The high pancreatic uptake observed with GRPR targeted radiopharmaceuticals, particularly in targeted radioligand therapy, has been a significant challenge. Wang et al. conducted a study to address this issue by exploring the complex of TacsBOMB2, TacsBOMB3, TacsBOMB4, TacsBOMB5, and TacsBOMB6 derived from the effective GRPR antagonist sequence [Leu¹³GRPRThz¹⁴]bombesin(7–14), and compared them with ⁶⁸Ga-RM2. PET imaging of PC-3 transplanted tumors demonstrated that ⁶⁸Ga-TacsBOMB2, ⁶⁸Ga-TacsBOMB3, ⁶⁸Ga-TacsBOMB5, ⁶⁸Ga-TacsBOMB6, and ⁶⁸Ga-RM2 exhibited clear visualization of the tumors, with ⁶⁸Ga-TacsBOMB5 displaying the highest tumor uptake rate. Importantly, it was observed that the pancreatic uptake of ⁶⁸Ga-TacsBOMB2, ⁶⁸Ga-TacsBOMB3, ⁶⁸Ga-TacsBOMB5, and ⁶⁸Ga-TacsBOMB6 was significantly lower than that of ⁶⁸Ga-RM2. Among the tested derivatives of ⁶⁸Ga-bombesin(7–14), ⁶⁸Ga-TacsBOMB5 demonstrated the highest tumor uptake rate and the greatest contrast between the tumor and background, indicating its potential for clinical imaging of tumors expressing GRPR [72].
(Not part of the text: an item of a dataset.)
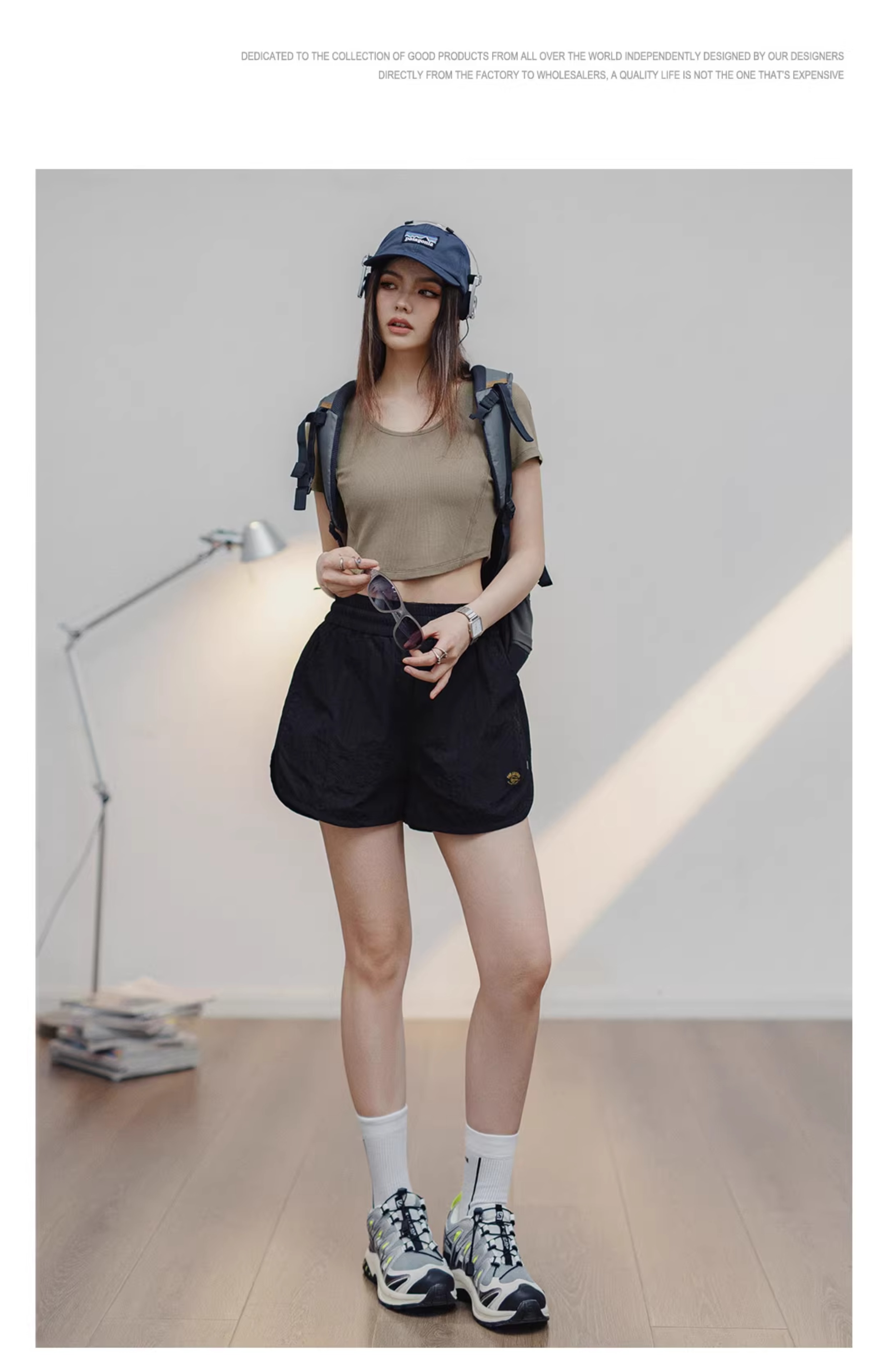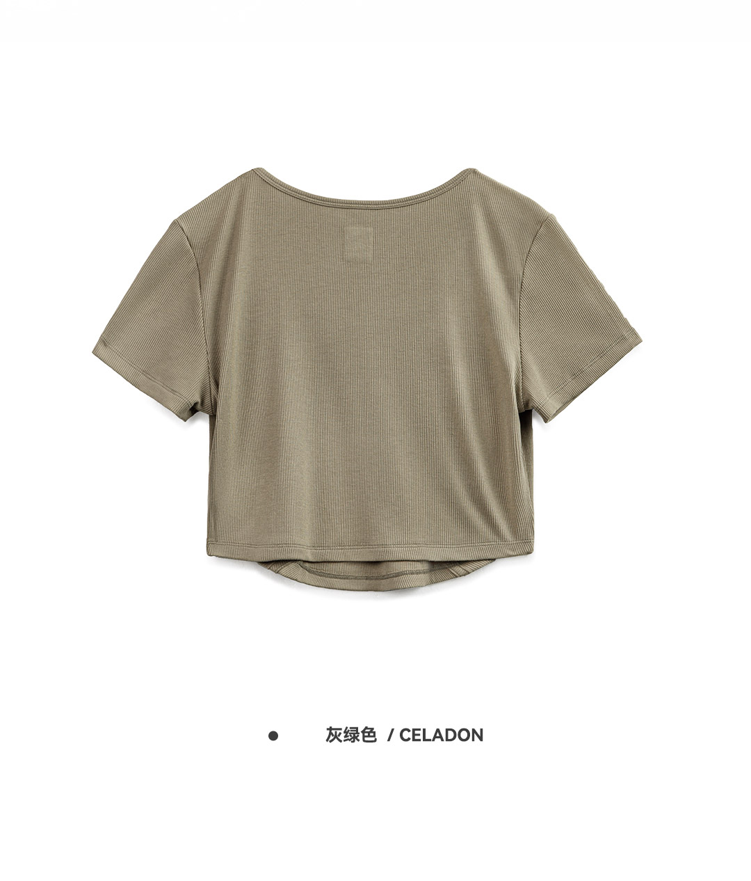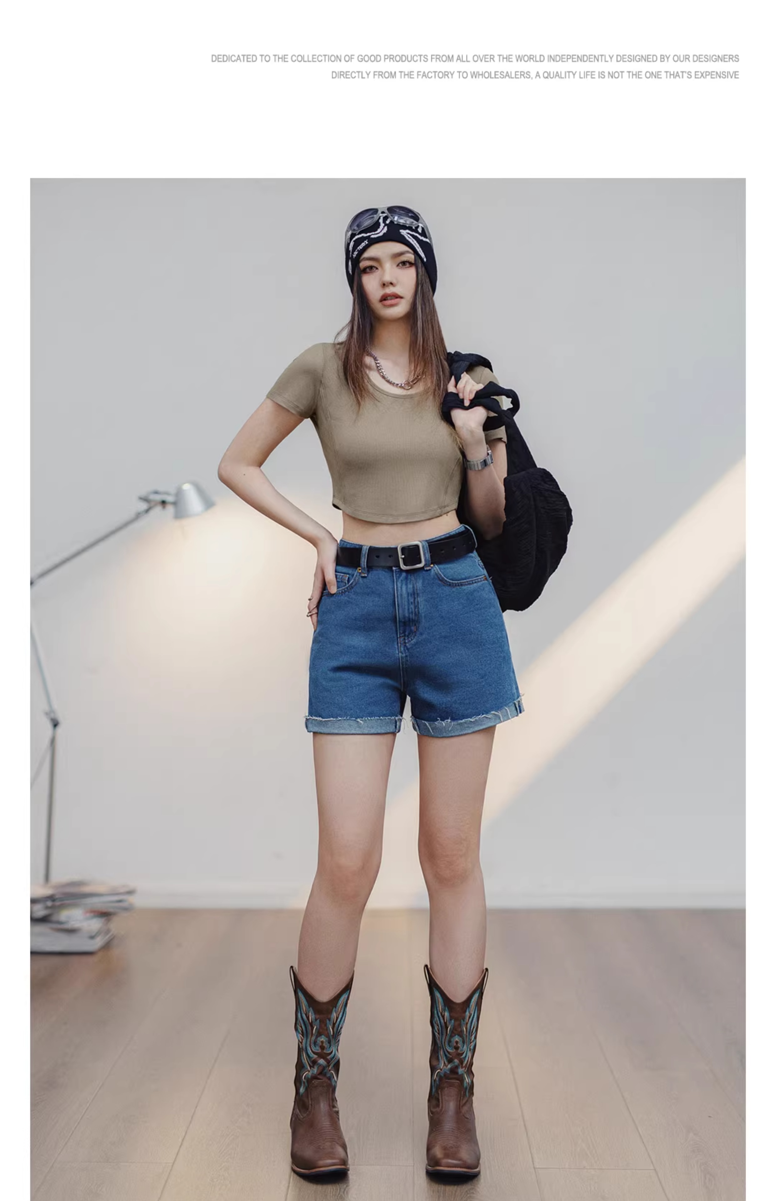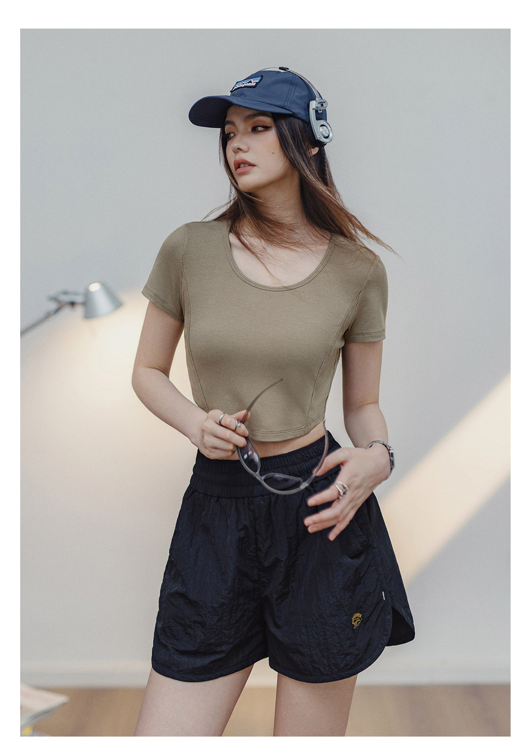 马登美式休闲正肩T恤U领鱼骨短袖修身百搭辣妹露腰短款上衣夏季女

Based on the results of a single-center phase II clinical study by Schollhammer et al., the significant potential of the combination of ⁶⁸Ga-RM2 PET/CT and ⁶⁸Ga-PSMA-617 PET/CT in evaluating different aspects of PC biology was compared. ⁶⁸Ga-PSMA-617 PET/CT is helpful to show the lesions with high ISUP (International Society of Urological Pathology) score and great clinical significance. When the score of ISUP was low, the uptake rate of ⁶⁸Ga-RM2 was higher than that of ⁶⁸Ga-PSMA-617. However, when the score of ISUP was higher, the uptake was similar to that of ⁶⁸Ga-PSMA-617. Importantly, nearly 20% of lesions can only be seen on GRPR- PET (13%) or PSMA (prostate-specific membrane antigen)-PET (6%), which revealed the complementarity of these imaging procedures. The combination of PSMA-PET and GRPR-PET can better classify the lesions in the prostate [73], Compared with PSMA, GRPR has high sensitivity and specificity in patients with prostate cancer. GRPR can play an important complementary role in PSMA-negative tumors and tumors with heterogeneous expression of cell surface receptors. These GRPR ligands have shown reliable detection of various types of PC in patients, representing significant progress in the clinical diagnosis of PC. Here, we list a table (see Table at the end of this article) that briefly summarizes radiopharmaceuticals that target GRPR in PC.

Breast cancer (BC)

Mammography is a well-established technique for primary BC detection, but it has certain limitations (even under the best conditions of photography and diagnosis, about 5% of BC is false negative due to various reasons. Another major limitation of breast X-ray examination is the differentiation of benign and malignant lesions, which is the same as other system lesions. Breast lesions also have the problem of "different shadow of the same disease, different diseases with the same shadow") that can be addressed through the use of nuclear imaging. Currently available radiopharmaceuticals have limited sensitivity in detecting small primary lesions, necessitating the development of new radiopharmaceuticals for improved detection of primary BC, metastasis, recurrence, and treatment monitoring. As the studies on GRPR progresses, scientists are gradually advancing the application of radionuclide-labeled GRPR agonists/antagonists for the diagnosis and treatment of BC.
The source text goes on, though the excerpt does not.